§ **Your goal**
Your answer should consist of the complete listing, repeated verbatim.

§ **Dataset content**
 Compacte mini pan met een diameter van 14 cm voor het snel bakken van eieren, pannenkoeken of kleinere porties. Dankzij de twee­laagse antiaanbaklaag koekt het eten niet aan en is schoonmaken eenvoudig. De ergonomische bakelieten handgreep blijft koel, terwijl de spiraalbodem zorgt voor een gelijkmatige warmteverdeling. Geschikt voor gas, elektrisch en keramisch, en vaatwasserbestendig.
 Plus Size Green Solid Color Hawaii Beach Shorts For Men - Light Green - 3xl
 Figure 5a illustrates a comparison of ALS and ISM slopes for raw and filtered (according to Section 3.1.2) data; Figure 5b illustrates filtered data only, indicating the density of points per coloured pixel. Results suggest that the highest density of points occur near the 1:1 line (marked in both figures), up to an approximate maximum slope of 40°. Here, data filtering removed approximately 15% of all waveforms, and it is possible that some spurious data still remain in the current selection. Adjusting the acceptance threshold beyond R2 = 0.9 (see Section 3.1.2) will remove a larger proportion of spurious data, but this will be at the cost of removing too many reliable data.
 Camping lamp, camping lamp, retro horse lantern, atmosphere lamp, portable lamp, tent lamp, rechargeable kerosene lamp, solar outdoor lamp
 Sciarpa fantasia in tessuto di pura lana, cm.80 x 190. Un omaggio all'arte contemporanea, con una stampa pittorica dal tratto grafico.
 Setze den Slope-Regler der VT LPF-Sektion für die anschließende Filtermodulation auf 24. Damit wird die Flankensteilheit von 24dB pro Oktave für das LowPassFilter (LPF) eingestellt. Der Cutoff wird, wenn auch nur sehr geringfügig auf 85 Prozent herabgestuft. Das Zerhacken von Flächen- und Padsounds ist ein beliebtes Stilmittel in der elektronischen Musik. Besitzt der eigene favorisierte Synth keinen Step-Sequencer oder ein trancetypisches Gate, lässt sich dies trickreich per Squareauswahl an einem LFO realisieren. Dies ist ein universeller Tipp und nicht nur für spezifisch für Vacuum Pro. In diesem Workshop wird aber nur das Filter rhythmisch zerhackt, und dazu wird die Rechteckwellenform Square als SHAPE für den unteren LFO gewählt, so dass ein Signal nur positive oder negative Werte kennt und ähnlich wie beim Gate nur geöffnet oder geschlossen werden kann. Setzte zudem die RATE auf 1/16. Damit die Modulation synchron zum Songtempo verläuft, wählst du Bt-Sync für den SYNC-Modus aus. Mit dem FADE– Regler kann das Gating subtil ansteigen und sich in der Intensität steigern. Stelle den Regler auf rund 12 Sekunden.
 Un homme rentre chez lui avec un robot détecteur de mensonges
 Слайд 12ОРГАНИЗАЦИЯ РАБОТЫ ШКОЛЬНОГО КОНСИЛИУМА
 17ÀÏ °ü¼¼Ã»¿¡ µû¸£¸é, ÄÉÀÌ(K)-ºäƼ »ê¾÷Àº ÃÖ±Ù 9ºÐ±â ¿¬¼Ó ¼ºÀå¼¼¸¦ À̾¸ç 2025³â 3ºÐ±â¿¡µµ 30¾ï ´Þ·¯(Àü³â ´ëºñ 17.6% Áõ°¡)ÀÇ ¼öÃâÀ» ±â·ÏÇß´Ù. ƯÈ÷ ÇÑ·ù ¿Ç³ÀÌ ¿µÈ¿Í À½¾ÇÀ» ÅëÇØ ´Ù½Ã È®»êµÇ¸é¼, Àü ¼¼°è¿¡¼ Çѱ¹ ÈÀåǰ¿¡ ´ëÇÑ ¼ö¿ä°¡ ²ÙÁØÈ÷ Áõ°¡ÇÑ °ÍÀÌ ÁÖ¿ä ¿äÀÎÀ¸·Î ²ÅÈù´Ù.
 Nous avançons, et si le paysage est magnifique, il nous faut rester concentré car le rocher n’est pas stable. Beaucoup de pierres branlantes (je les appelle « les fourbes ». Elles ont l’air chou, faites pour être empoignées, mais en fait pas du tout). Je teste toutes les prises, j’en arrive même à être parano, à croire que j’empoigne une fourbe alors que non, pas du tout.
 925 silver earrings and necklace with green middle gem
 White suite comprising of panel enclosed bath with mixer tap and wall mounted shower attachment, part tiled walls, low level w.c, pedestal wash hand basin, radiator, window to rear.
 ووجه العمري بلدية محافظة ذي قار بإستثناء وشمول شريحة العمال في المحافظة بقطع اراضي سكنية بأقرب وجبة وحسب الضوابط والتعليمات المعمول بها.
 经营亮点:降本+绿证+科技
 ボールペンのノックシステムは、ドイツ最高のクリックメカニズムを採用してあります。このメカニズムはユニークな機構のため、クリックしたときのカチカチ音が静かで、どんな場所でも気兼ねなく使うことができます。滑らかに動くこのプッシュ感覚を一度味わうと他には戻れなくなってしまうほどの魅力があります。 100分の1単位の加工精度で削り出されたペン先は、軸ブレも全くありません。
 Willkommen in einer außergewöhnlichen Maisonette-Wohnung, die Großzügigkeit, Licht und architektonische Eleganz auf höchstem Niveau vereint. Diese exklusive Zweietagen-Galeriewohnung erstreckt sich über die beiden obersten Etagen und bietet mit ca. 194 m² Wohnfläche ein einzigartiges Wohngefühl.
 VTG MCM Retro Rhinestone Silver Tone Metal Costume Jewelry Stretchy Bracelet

§ **Result of the task**
 Compacte mini pan met een diameter van 14 cm voor het snel bakken van eieren, pannenkoeken of kleinere porties. Dankzij de twee­laagse antiaanbaklaag koekt het eten niet aan en is schoonmaken eenvoudig. De ergonomische bakelieten handgreep blijft koel, terwijl de spiraalbodem zorgt voor een gelijkmatige warmteverdeling. Geschikt voor gas, elektrisch en keramisch, en vaatwasserbestendig.
 Plus Size Green Solid Color Hawaii Beach Shorts For Men - Light Green - 3xl
 Figure 5a illustrates a comparison of ALS and ISM slopes for raw and filtered (according to Section 3.1.2) data; Figure 5b illustrates filtered data only, indicating the density of points per coloured pixel. Results suggest that the highest density of points occur near the 1:1 line (marked in both figures), up to an approximate maximum slope of 40°. Here, data filtering removed approximately 15% of all waveforms, and it is possible that some spurious data still remain in the current selection. Adjusting the acceptance threshold beyond R2 = 0.9 (see Section 3.1.2) will remove a larger proportion of spurious data, but this will be at the cost of removing too many reliable data.
 Camping lamp, camping lamp, retro horse lantern, atmosphere lamp, portable lamp, tent lamp, rechargeable kerosene lamp, solar outdoor lamp
 Sciarpa fantasia in tessuto di pura lana, cm.80 x 190. Un omaggio all'arte contemporanea, con una stampa pittorica dal tratto grafico.
 Setze den Slope-Regler der VT LPF-Sektion für die anschließende Filtermodulation auf 24. Damit wird die Flankensteilheit von 24dB pro Oktave für das LowPassFilter (LPF) eingestellt. Der Cutoff wird, wenn auch nur sehr geringfügig auf 85 Prozent herabgestuft. Das Zerhacken von Flächen- und Padsounds ist ein beliebtes Stilmittel in der elektronischen Musik. Besitzt der eigene favorisierte Synth keinen Step-Sequencer oder ein trancetypisches Gate, lässt sich dies trickreich per Squareauswahl an einem LFO realisieren. Dies ist ein universeller Tipp und nicht nur für spezifisch für Vacuum Pro. In diesem Workshop wird aber nur das Filter rhythmisch zerhackt, und dazu wird die Rechteckwellenform Square als SHAPE für den unteren LFO gewählt, so dass ein Signal nur positive oder negative Werte kennt und ähnlich wie beim Gate nur geöffnet oder geschlossen werden kann. Setzte zudem die RATE auf 1/16. Damit die Modulation synchron zum Songtempo verläuft, wählst du Bt-Sync für den SYNC-Modus aus. Mit dem FADE– Regler kann das Gating subtil ansteigen und sich in der Intensität steigern. Stelle den Regler auf rund 12 Sekunden.
 Un homme rentre chez lui avec un robot détecteur de mensonges
 Слайд 12ОРГАНИЗАЦИЯ РАБОТЫ ШКОЛЬНОГО КОНСИЛИУМА
 17ÀÏ °ü¼¼Ã»¿¡ µû¸£¸é, ÄÉÀÌ(K)-ºäƼ »ê¾÷Àº ÃÖ±Ù 9ºÐ±â ¿¬¼Ó ¼ºÀå¼¼¸¦ À̾¸ç 2025³â 3ºÐ±â¿¡µµ 30¾ï ´Þ·¯(Àü³â ´ëºñ 17.6% Áõ°¡)ÀÇ ¼öÃâÀ» ±â·ÏÇß´Ù. ƯÈ÷ ÇÑ·ù ¿Ç³ÀÌ ¿µÈ¿Í À½¾ÇÀ» ÅëÇØ ´Ù½Ã È®»êµÇ¸é¼, Àü ¼¼°è¿¡¼ Çѱ¹ ÈÀåǰ¿¡ ´ëÇÑ ¼ö¿ä°¡ ²ÙÁØÈ÷ Áõ°¡ÇÑ °ÍÀÌ ÁÖ¿ä ¿äÀÎÀ¸·Î ²ÅÈù´Ù.
 Nous avançons, et si le paysage est magnifique, il nous faut rester concentré car le rocher n’est pas stable. Beaucoup de pierres branlantes (je les appelle « les fourbes ». Elles ont l’air chou, faites pour être empoignées, mais en fait pas du tout). Je teste toutes les prises, j’en arrive même à être parano, à croire que j’empoigne une fourbe alors que non, pas du tout.
 925 silver earrings and necklace with green middle gem
 White suite comprising of panel enclosed bath with mixer tap and wall mounted shower attachment, part tiled walls, low level w.c, pedestal wash hand basin, radiator, window to rear.
 ووجه العمري بلدية محافظة ذي قار بإستثناء وشمول شريحة العمال في المحافظة بقطع اراضي سكنية بأقرب وجبة وحسب الضوابط والتعليمات المعمول بها.
 经营亮点:降本+绿证+科技
 ボールペンのノックシステムは、ドイツ最高のクリックメカニズムを採用してあります。このメカニズムはユニークな機構のため、クリックしたときのカチカチ音が静かで、どんな場所でも気兼ねなく使うことができます。滑らかに動くこのプッシュ感覚を一度味わうと他には戻れなくなってしまうほどの魅力があります。 100分の1単位の加工精度で削り出されたペン先は、軸ブレも全くありません。
 Willkommen in einer außergewöhnlichen Maisonette-Wohnung, die Großzügigkeit, Licht und architektonische Eleganz auf höchstem Niveau vereint. Diese exklusive Zweietagen-Galeriewohnung erstreckt sich über die beiden obersten Etagen und bietet mit ca. 194 m² Wohnfläche ein einzigartiges Wohngefühl.
 VTG MCM Retro Rhinestone Silver Tone Metal Costume Jewelry Stretchy Bracelet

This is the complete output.